The main foci of Stations of the Heart (the title is a reference to the Christian Stations of the Cross) are the trials and tribulations of dating from a female perspective. Well, sort of a female perspective. The score is strongly evocative of the Broadway sounds of the 1920s-1950s, and the lyrics delve into more or less exactly the sorts of stylized caricatures of femininity that you expect in those periods. Indeed, much of the recurring humor about the (ever offstage, never seen) men’s flaws revolves on the very thinly veiled implications that they are gay – something also typical of the period.

Whether these details are incidental, welcome, or bothersome is a subjective thing. At Sunday’s performance, the greying audience seemed more amused than perturbed by this old-fashioned vibe, laughing vigorously at the many lyrical jokes and humorous setups. It’s rather like digging up an old Noël Coward revue – so much that you could pull lines from the New York Times review of Coward’s Sigh No More (1945) and find they fit quite exactly: “A light, easy, amusing entertainment, disconcertingly without the impress of a definite style.”

The 10th Station of the Cross at the Basilique de Notre Dame de Genève. As with the Biblical Jesus, the women in Stations of the Heart undergo a tortuous journey towards a hoped-for end, including being stripped of their dignity in numerous ways. Photo by Yann.

There is something to be said for light entertainment – certainly, there are many pleasant bow strokes of the cello under Diane Tremaine’s melodious hands, and the trio of singer-actors (Elena Glass, Dee Noah, and Sara Ochs) give amiable performances. Still, it’s the moments where songs seem to connect – and particularly the Act I trio finale, which is fantastic – where the material shines the most.
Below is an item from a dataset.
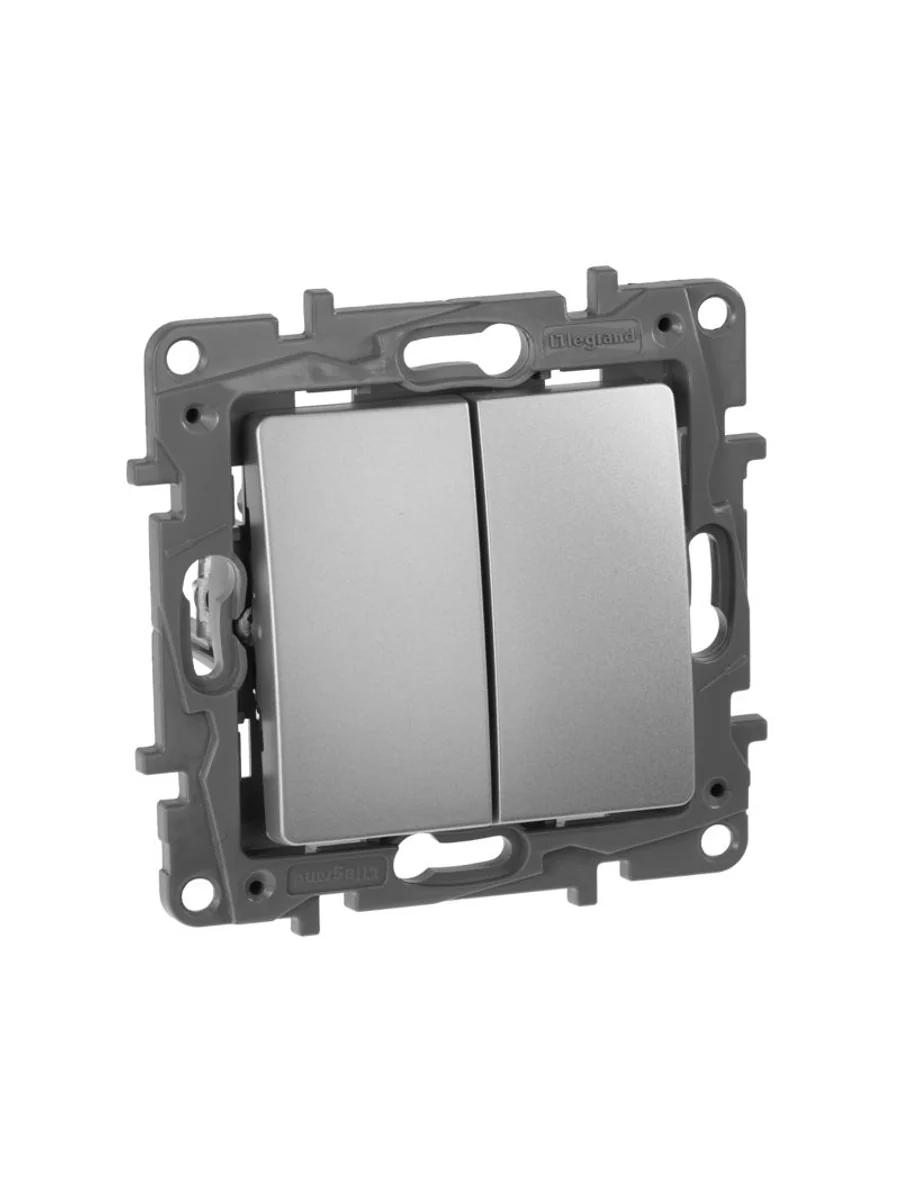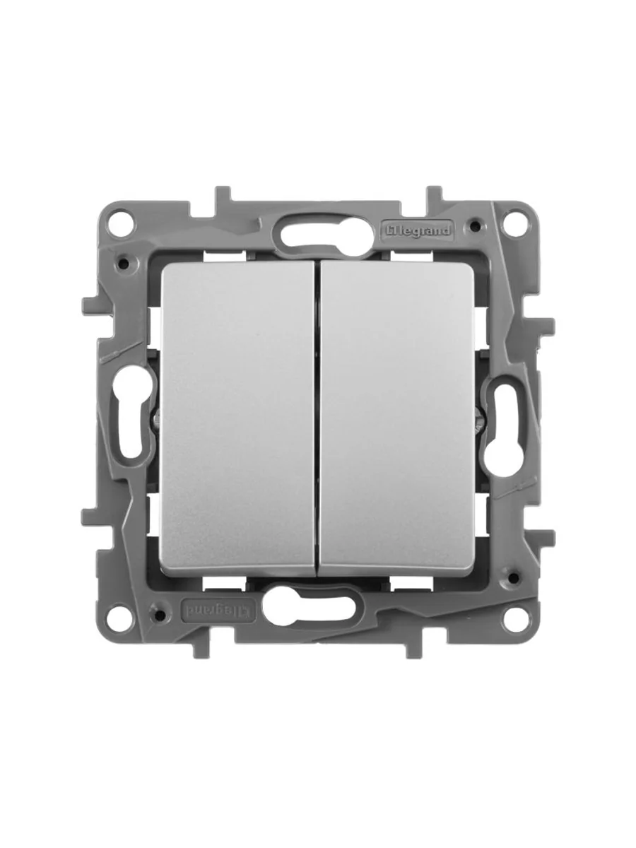 Выключатель двухклавишный ETIKA для скрытого монтажа, номинальный ток 10 А, предназначен для управления двумя электрическими цепями.
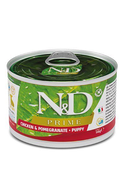 N&D PRIME Tavuk & Nar. Yavru köpekler, gebe veya emziren yetişkin köpekler için formüle edilmiş tam mamadır. 140gr

It has been more than a century since story-driven musical theater became Broadway’s predominant thrust, the odd jukebox musical and Smokey Joe’s Cafe notwithstanding. Revues and musical theatre song cycles are the exception, not the rule, and they tend to be brief amuse-bouches: pleasant in the moment, and not really intended to be a meal. As Coward said of revues, “Everything has to be condensed to an appalling brevity.”

The brevity and ephemerality of the moments in Maurer and Payne’s Stations of the Heart is both its greatest strength and its greatest weakness. It’s an afternoon of enjoying jokes, songs, and amusing situations without having to worry about even a wisp of a plot, and thence on to the rest of your day (or dinner), with nary a care to follow.

Stations of the Heart plays through October 17 at Nautilus Music-Theater in Lowertown St. Paul, MN.